=== PROMPT ===
The copy should begin at the line containing "Tasks: Bipoto regularly" and end at the last line of the material. Please reproduce those lines exactly and keep pictures out.

=== DATASET EXCERPTS ===
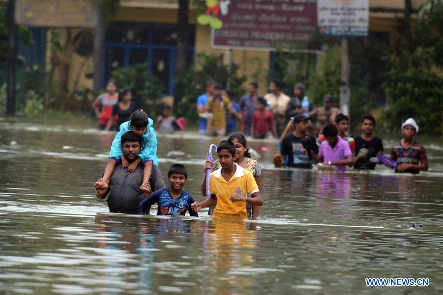 People make their way through floodwaters in Kelaniya District, Sri Lanka, on May 19, 2016. The death toll from Sri Lanka's flash floods and landslides rose to 63 on Friday as water levels in many districts continued to rise owing to heavy rains, the Disaster Management Center said. (Xinhua/Gayan Sameera)
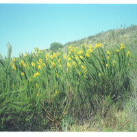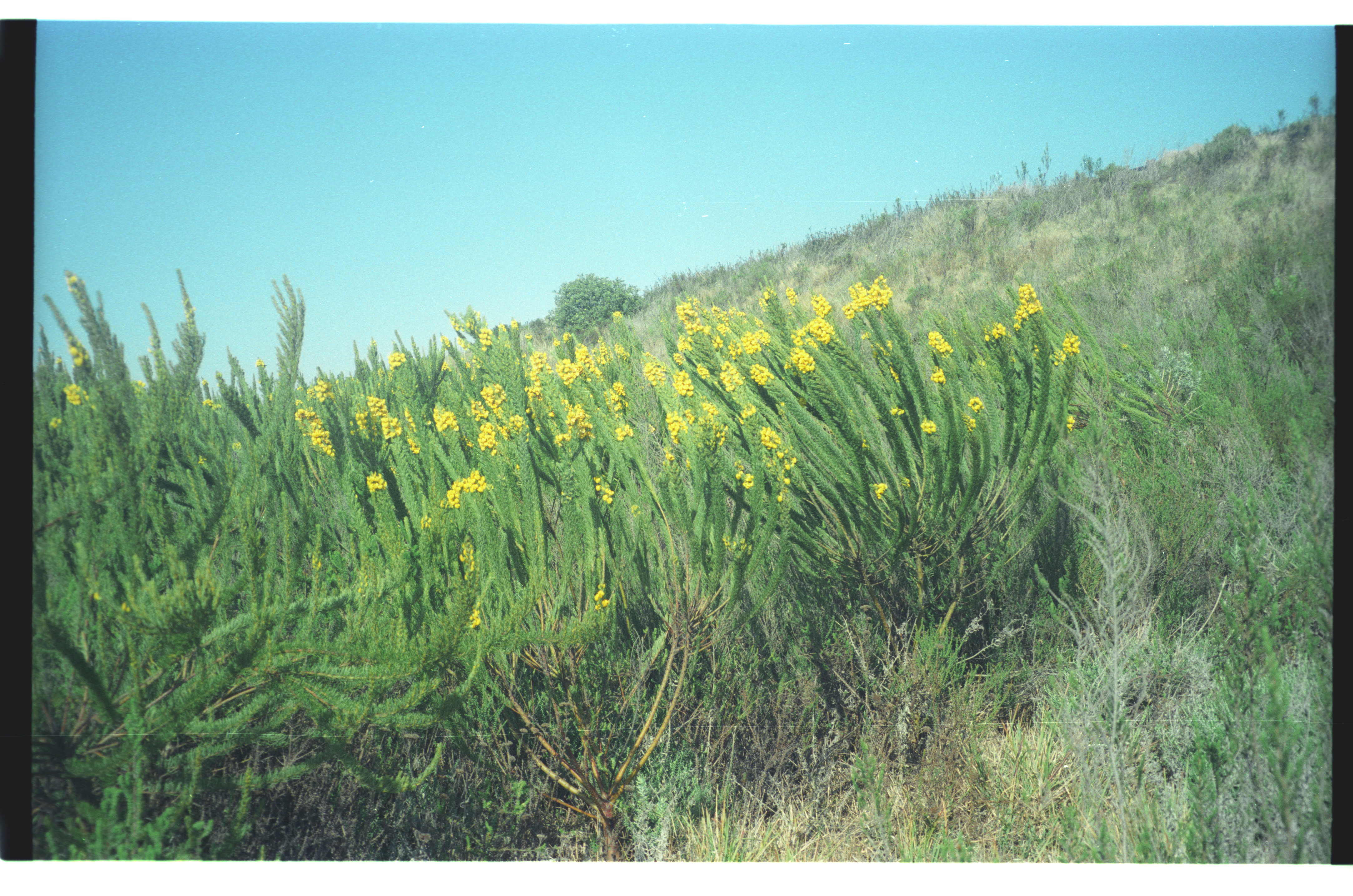 - Cyclopia pubescens in damp area after good winter rains. Apparently not seen thus annually. Beneath aborted overhead road construction, part of which in background.
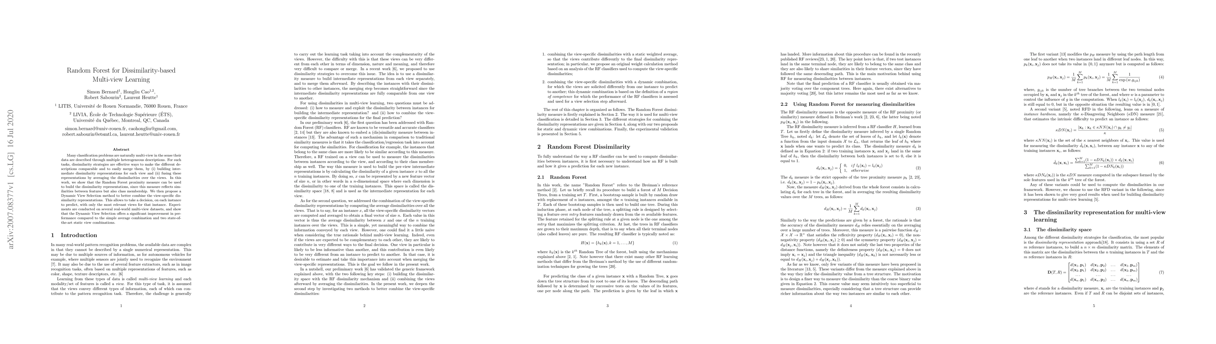 This research paper proposes using a Random Forest proximity measure to build dissimilarity representations for multi-view learning, achieving better performance than average combination and state-of-the-art methods.
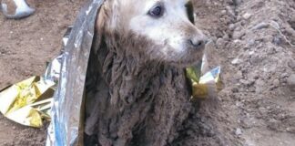 Salvado de morir un perro, atrapado durante muchas horas en el...
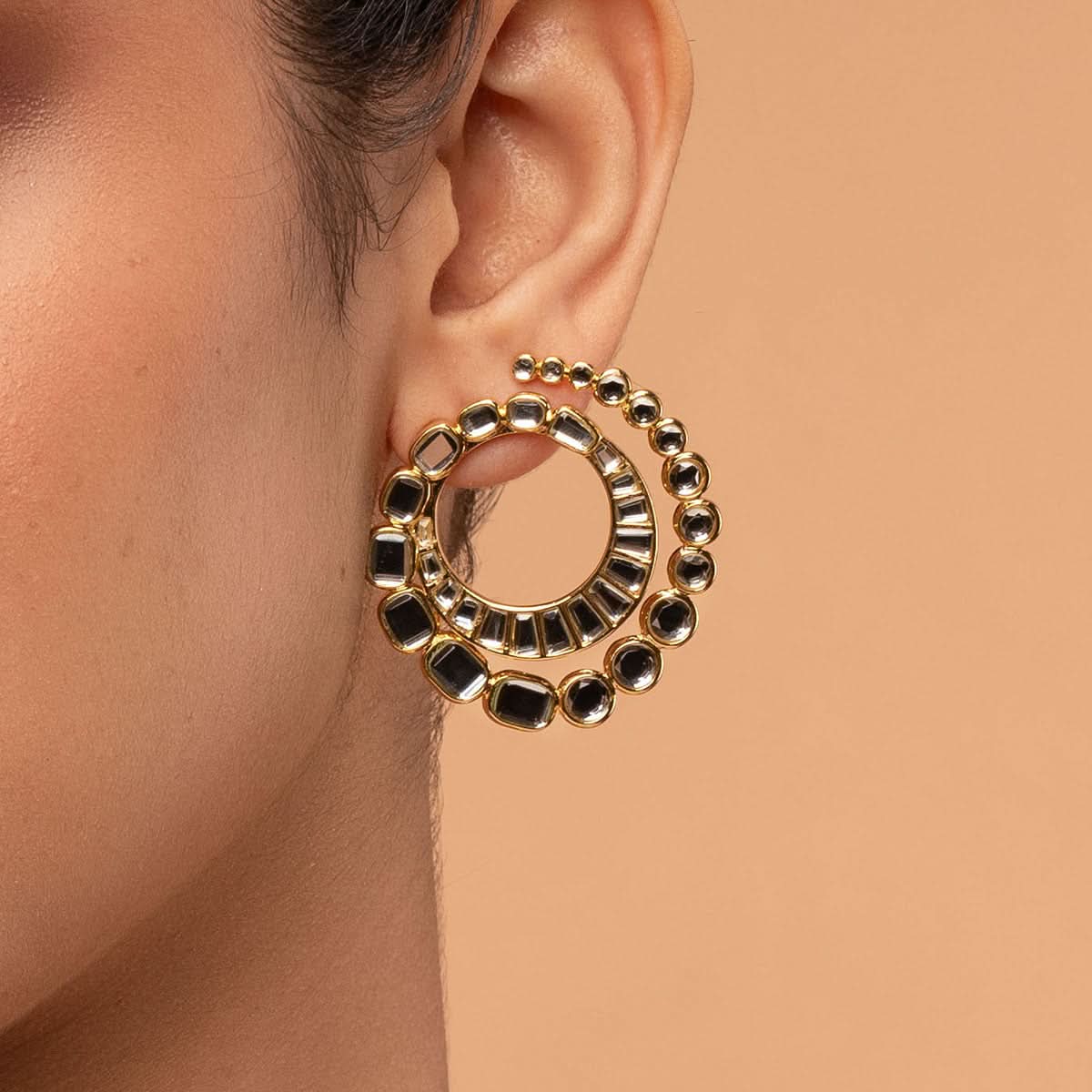 Isharya is known for blending modern designs with traditional craftsmanship, producing some of the most innovative designs in statement jewellery. We have a strong design team that researches the latest trends and designs standout jewels using unique materials or techniques. For example, our more iconic jewels feature hand-cut mirrors resembling polki work. Our statement necklaces are truly one-of-a-kind and have been spotted on celebrities like Priyanka Chopra Jonas, Sara Ali Khan, Sonakshi Sinha, Malaika Arora, Tabu and more. Our statement earrings are also revered by the fashion crowd. The biggest reason why our jewels stand out is that they’re crafted from brass and plated with 18k gold. This means that our demi-fine jewellery is hypoallergenic and skin-friendly!
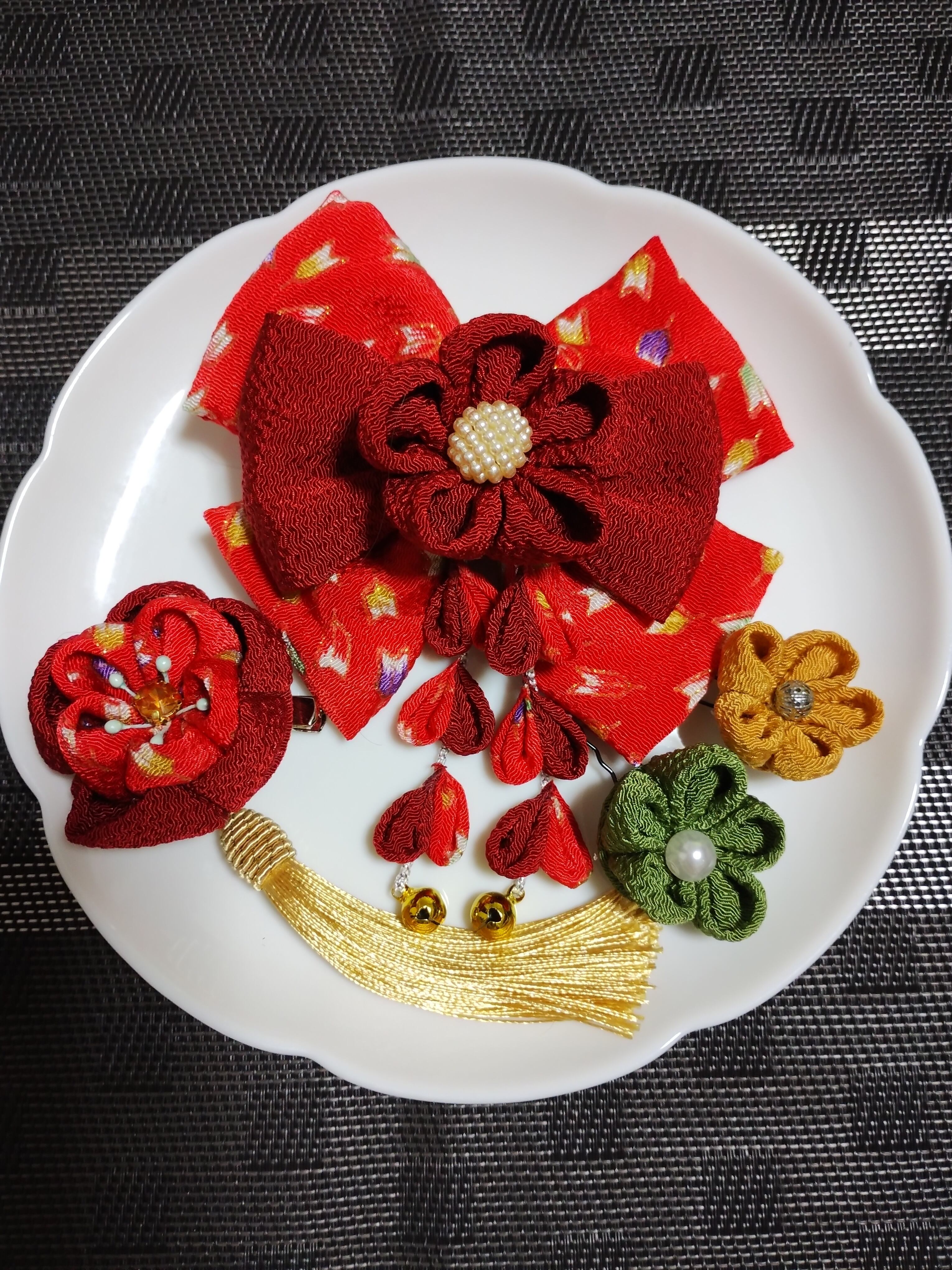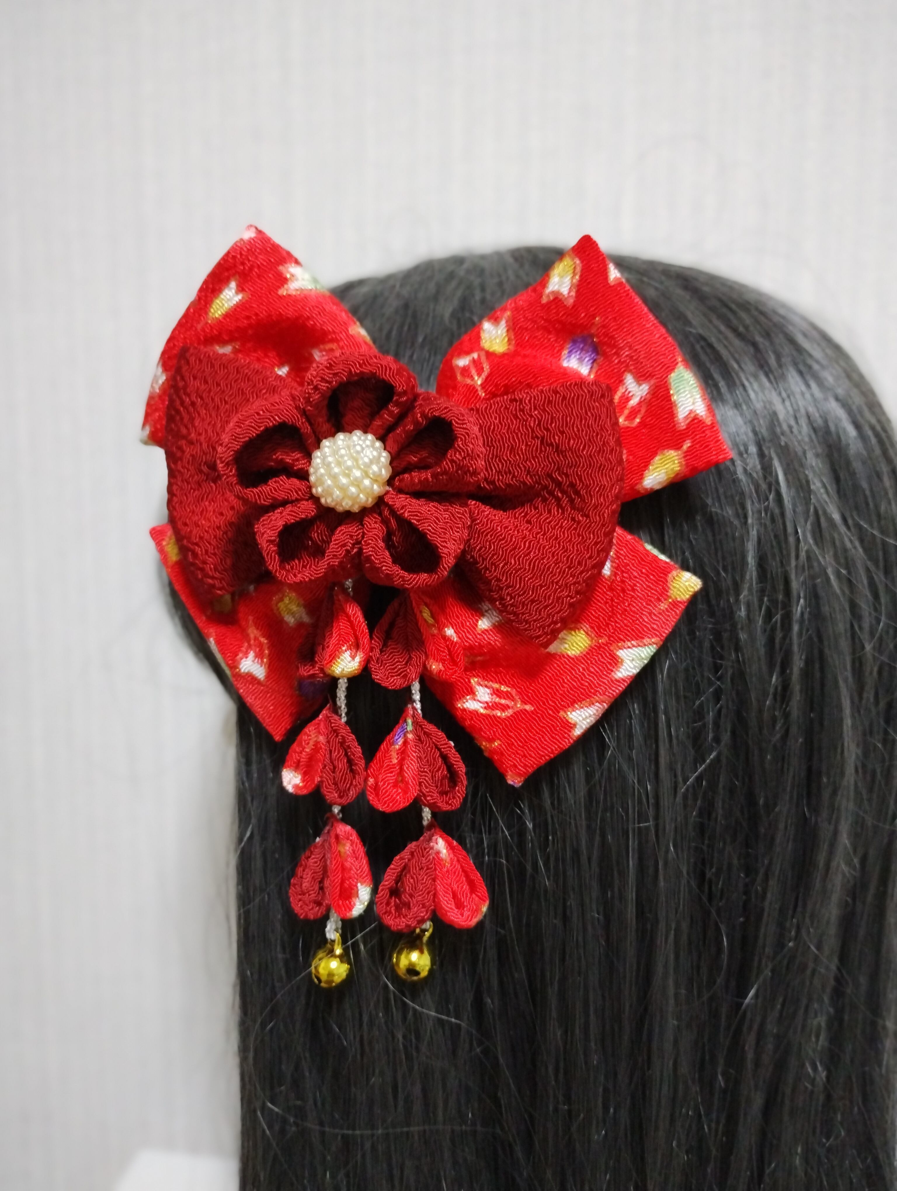 #花 #つまみ細工 #ヘヤピン #ヘアクリップ袴髪飾り#髪飾り #卒業式リボン#七五三髪飾り#着物#kimono #成人式前撮り#卒業式前撮り#卒業式ヘアスタイル#kamikazarin #つまみ細工#hair #pretty#kimono #beautiful#handmade#振袖#オーダーメイド #リボン#卒業式リボン#リボン赤
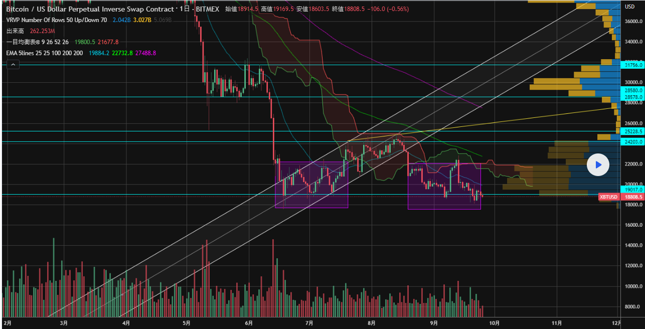 ショートの場合はそのあたりの動きでポジションを考え、ロングは18000前後の動きで考える
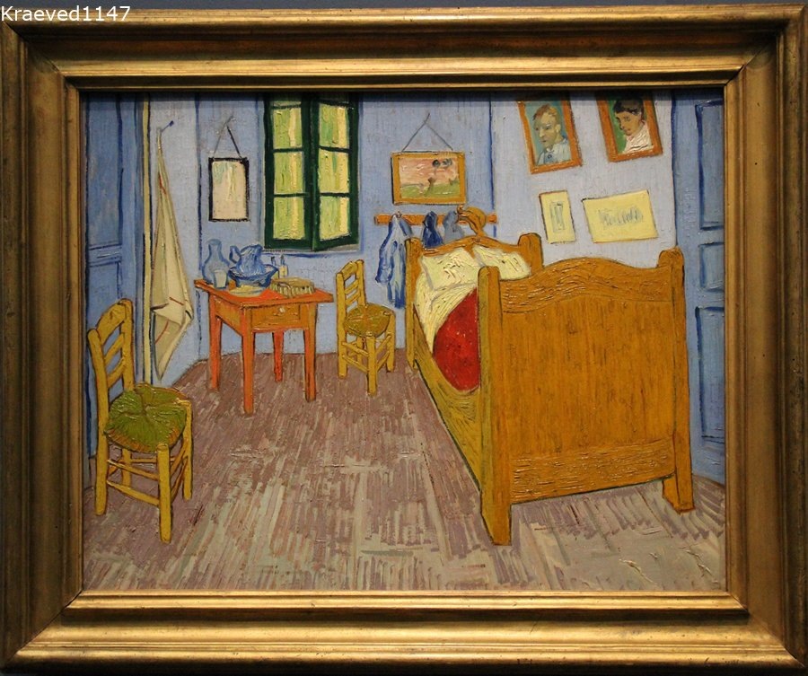 Несколько лет подряд 30 марта я вспоминаю о Винсенте Ван Гоге. Он родился в этот день теперь уже 172 года назад. Мне нечего добавить к сказанному ранее. На канале и на сайте я публиковала изображения нескольких картин художника, которые запечатлела. Увы, в фотоальбоме сохранилось не всё виденное. Но что же - ранние публикации - это повод не отмечать день рождения мастера? Нет! Отмечать! Тем более, что неожиданно в альбомах нашла знаменитую "Спальню Ван Гога в Арле", написанную в 1889 году. Почему-то ранее я не показывала эту картину. Я беру путеводитель по музею д'Орсе, открываю страничку и читаю разбор картины "Спальня Ван Гога в Арле". "Вновь и вновь он принимается писать "Спальню в Арле, которая предназначена матери и сестре Уиль; на картине яркими гармоничными красками изображённые детали располагаются в определённом порядке в несколько тесноватой композиции, перспектива которой внезапно искривляется: пол вдруг поднимается кверху, словно переходя в стену, а фокус меняется в
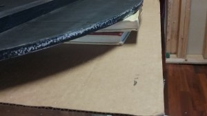 Cut a thin piece of clear glass for the frame opening. Stand the box on it’s top and fold lid down flat. Position the glass on the inside of the lid, covering the opening. Slowly, lower the box down over the glass to make sure it fits inside the box and doesn’t hinder closing. Use small dabs of E6000 to glue the glass in place. Be careful not to use too much glue or it will seep to the front and you’ll have some cleaning to do. For cushion, and to help even out weight, lay a couple pieces of foam board across the glass before weighing with books to dry.  I squeezed small dabs of E6000 on the backside corners and edges of my mirror pieces, and clamped them on the papered sides while the glass was drying.
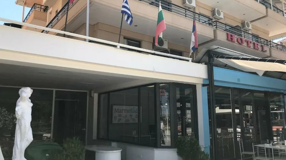 Hotel Aqua Beachfront nalazi se u mestu Olympic Beach, u Centralnoj Makedoniji u Grčkoj, na samom šetalištu uz obalu, idealno za lagane večernje šetnje i brz izlazak na more. Do plaže se stiže za svega nekoliko koraka, dok su kafići, prodavnice i letnja atmosfera centra letovališta praktično nadohvat ruke. Hotel je od aerodroma u Solunu udaljen oko 95 km, pa je pogodan i za goste koji žele udoban transfer i bezbrižan početak odmora. ([aquahotel.gr](https://aquahotel.gr/?utm_source=openai))
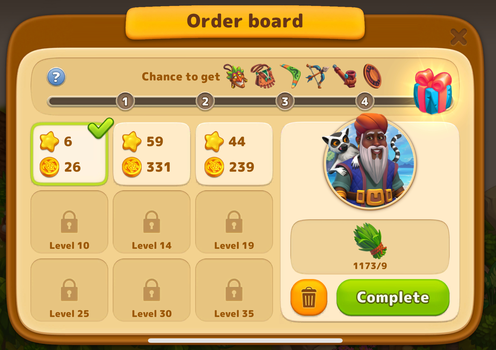 Tasks: Bipoto regularly posts orders specifying exactly which resources and in what quantity he needs.
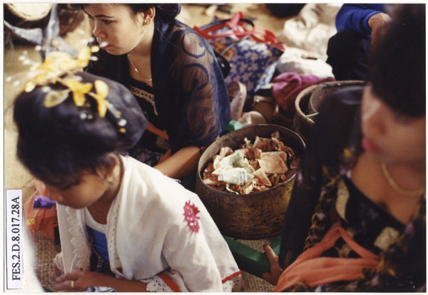 Uang saweran yang ditempatkan dalam Bonang dari para penonton upacara Ngarot di Desa Lelea Kabupaten Indramayu Jawa Barat
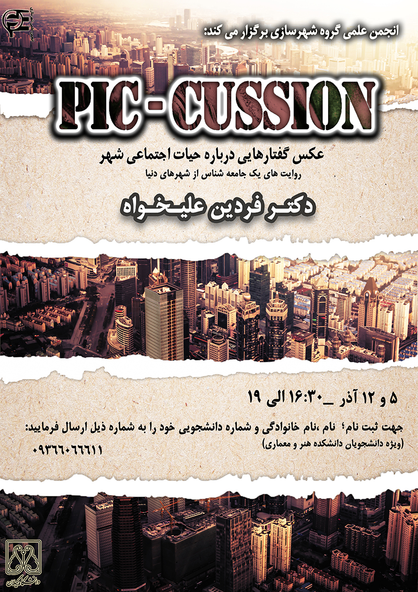 انجمن علمی دانشجویی شهرسازی دانشگاه گیلان برنامه پیکاشن (بررسی پیوند جامعه شناسی و شهرسازی) طی دو جلسه مورخ 5 و 12 آذر ماه 96 در دانشکده هنر و معماری برگزار نمود. در این برنامه به نمایش عکس هایی از بافت های مختلف شهری از کشورهای خارجی و تحلیل جامعه شناسانه ی آنها توسط  دکتر فردین علیخواه عضو هیئت علمی گروه علوم اجتماعی پرداخته شد که با مشارکت دانشجویان و بحث و گفت و گو پیرامون مسائل اجتماعی همراه بود. همچنین نقش طراحی شهری بر چگونگی رویدادهای اجتماعی در فضای شهر مورد توجه و بررسی قرار گرفت.
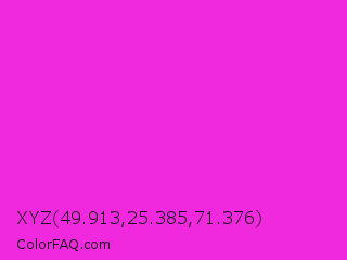 XYZ 49.913,25.385,71.376 Color is a normal magenta color and the nearest color is Hot Magenta #ff1dce. Hex code #f029de and RGB value is rgb(240,41,222). In RGB color space, this color is composed of 94% red, 16% green, 87% blue, In CMYK color space, this color is composed of 0% cyan, 83% magenta, 8% yellow , 6% black , In HSL color space, this color has a hue angle of 305° , 87% saturation and 55% lightness.
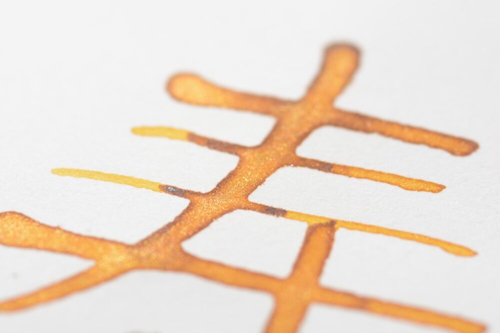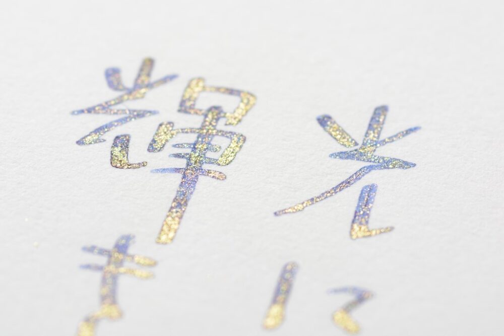 微粒子の金粉・銀粉が入っており、インクの上にラメを散らしたような風合いの線になる。華やかな場面やお祝いの手紙などに使いたい。
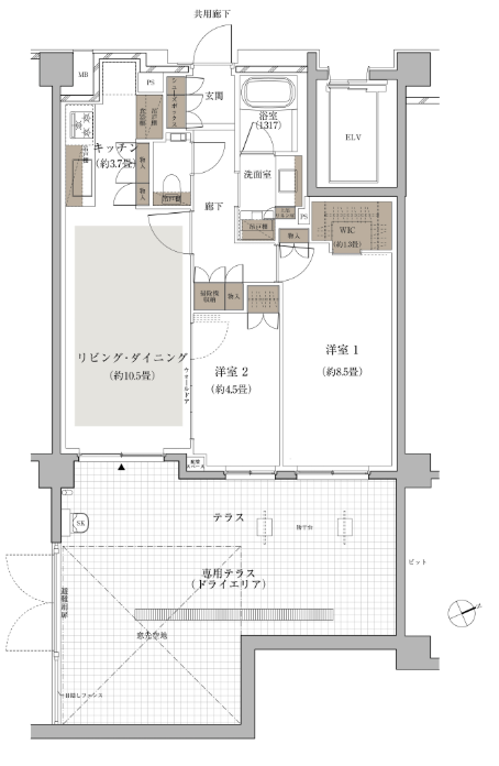 専有面積:63.61㎡~104.82㎡(408号室のみトランクルーム面積0.77㎡を含む)
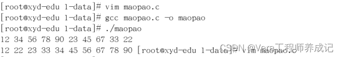 像上面这种一个工程目录下有多个.c文件的话,我们可以放在一起编译。“gcc 文件名1 文件名2 -o main”就是编译文件1和文件2,编译的结果放在main文件中。

=== EXPECTED ANSWER ===
 Tasks: Bipoto regularly posts orders specifying exactly which resources and in what quantity he needs.
 Uang saweran yang ditempatkan dalam Bonang dari para penonton upacara Ngarot di Desa Lelea Kabupaten Indramayu Jawa Barat
 انجمن علمی دانشجویی شهرسازی دانشگاه گیلان برنامه پیکاشن (بررسی پیوند جامعه شناسی و شهرسازی) طی دو جلسه مورخ 5 و 12 آذر ماه 96 در دانشکده هنر و معماری برگزار نمود. در این برنامه به نمایش عکس هایی از بافت های مختلف شهری از کشورهای خارجی و تحلیل جامعه شناسانه ی آنها توسط  دکتر فردین علیخواه عضو هیئت علمی گروه علوم اجتماعی پرداخته شد که با مشارکت دانشجویان و بحث و گفت و گو پیرامون مسائل اجتماعی همراه بود. همچنین نقش طراحی شهری بر چگونگی رویدادهای اجتماعی در فضای شهر مورد توجه و بررسی قرار گرفت.
 XYZ 49.913,25.385,71.376 Color is a normal magenta color and the nearest color is Hot Magenta #ff1dce. Hex code #f029de and RGB value is rgb(240,41,222). In RGB color space, this color is composed of 94% red, 16% green, 87% blue, In CMYK color space, this color is composed of 0% cyan, 83% magenta, 8% yellow , 6% black , In HSL color space, this color has a hue angle of 305° , 87% saturation and 55% lightness.
 微粒子の金粉・銀粉が入っており、インクの上にラメを散らしたような風合いの線になる。華やかな場面やお祝いの手紙などに使いたい。
 専有面積:63.61㎡~104.82㎡(408号室のみトランクルーム面積0.77㎡を含む)
 像上面这种一个工程目录下有多个.c文件的话,我们可以放在一起编译。“gcc 文件名1 文件名2 -o main”就是编译文件1和文件2,编译的结果放在main文件中。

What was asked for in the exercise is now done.